(Records from a data source)
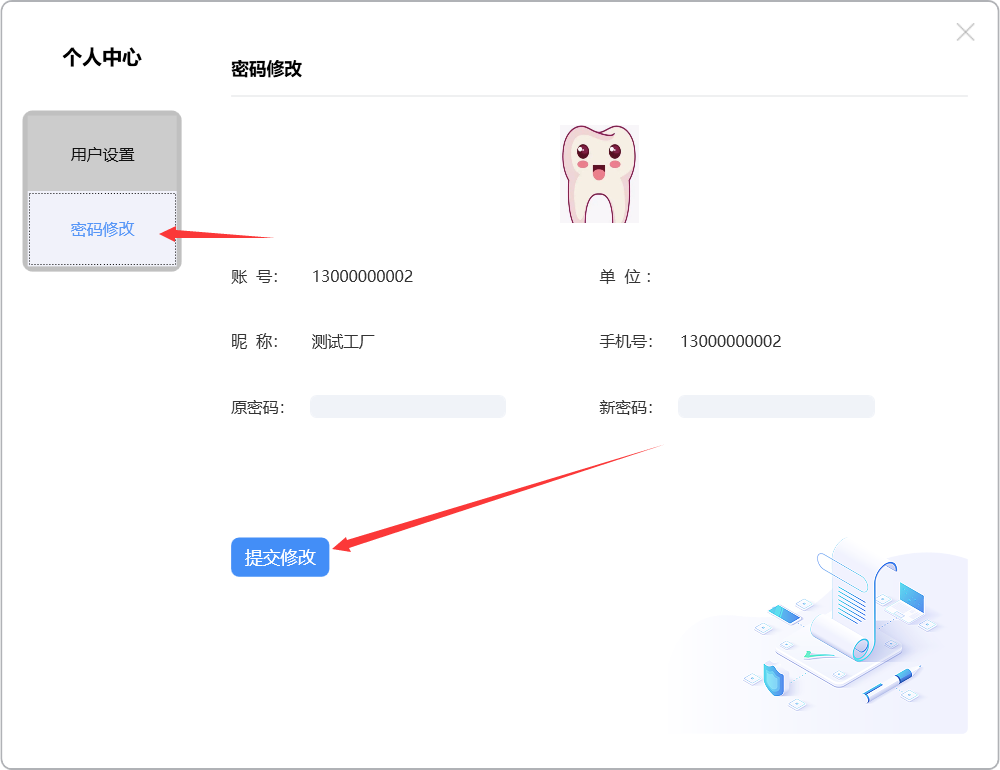 录入原密码及新密码,确保一致后点击【提交修改】按钮生效。
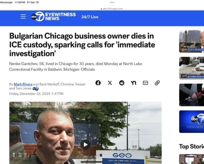 В понеделник вечер съпругата се обезпокоила, когато не получила обичайното обаждане. Проверка в уебсайта на ICE показала, че той е „освободен“. На следващата сутрин обаче била уведомена от Българското посолство, че мъжът ѝ е починал в затвора на ICE. Оттогава не е получила повече подробности.
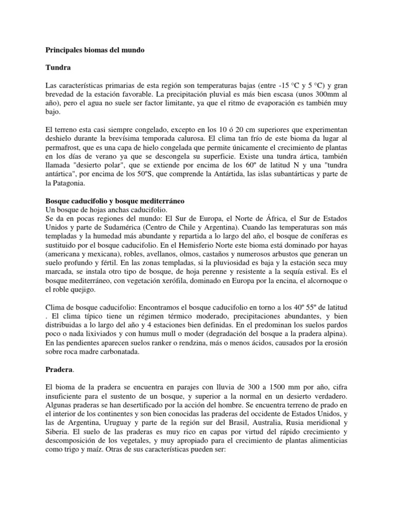 Los biomas son reas definidas, climtica y geogrficamente, con similares condiciones
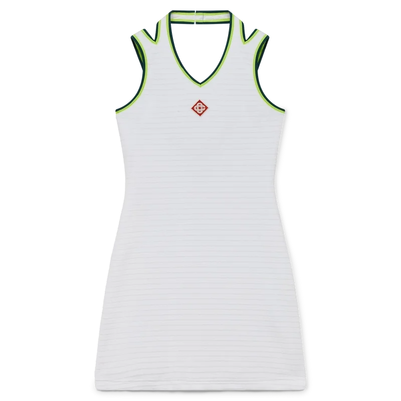 Den strukturerte velour-tenniskjolen er en A-linje-minikjole laget av velourstoff. Den har V-formet halterneck, skulderstropper med dyp utskjæring i ryggen og husets karakteristiske diamantlogo på brystet.
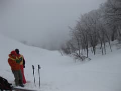 尾根上の緩い登りが続くが、上がるにつれてますますガスが濃くなって来た。標高約1,300mで左側が浅い谷状となっている場所で、雪庇の陰で風を避けて大休止となる。スキー板を外して腰掛けにし、パンを齧ってテルモスの熱いココアで流し込む。スタッフさんが会議を開いていて、その結果ここで撤退することとなった。頂上まであとは一本の尾根で、ルートはばっちり判った。ここで引き返しても私としては全然OKだ(^^)

→ What is being asked
Could you write out exactly the lines of the data above that run from the one holding "Los biomas son" to the one holding "Den strukturerte velour-tenniskjolen", with both ends in and all pictures out?

→ Answer to the exercise
 Los biomas son reas definidas, climtica y geogrficamente, con similares condiciones
 Den strukturerte velour-tenniskjolen er en A-linje-minikjole laget av velourstoff. Den har V-formet halterneck, skulderstropper med dyp utskjæring i ryggen og husets karakteristiske diamantlogo på brystet.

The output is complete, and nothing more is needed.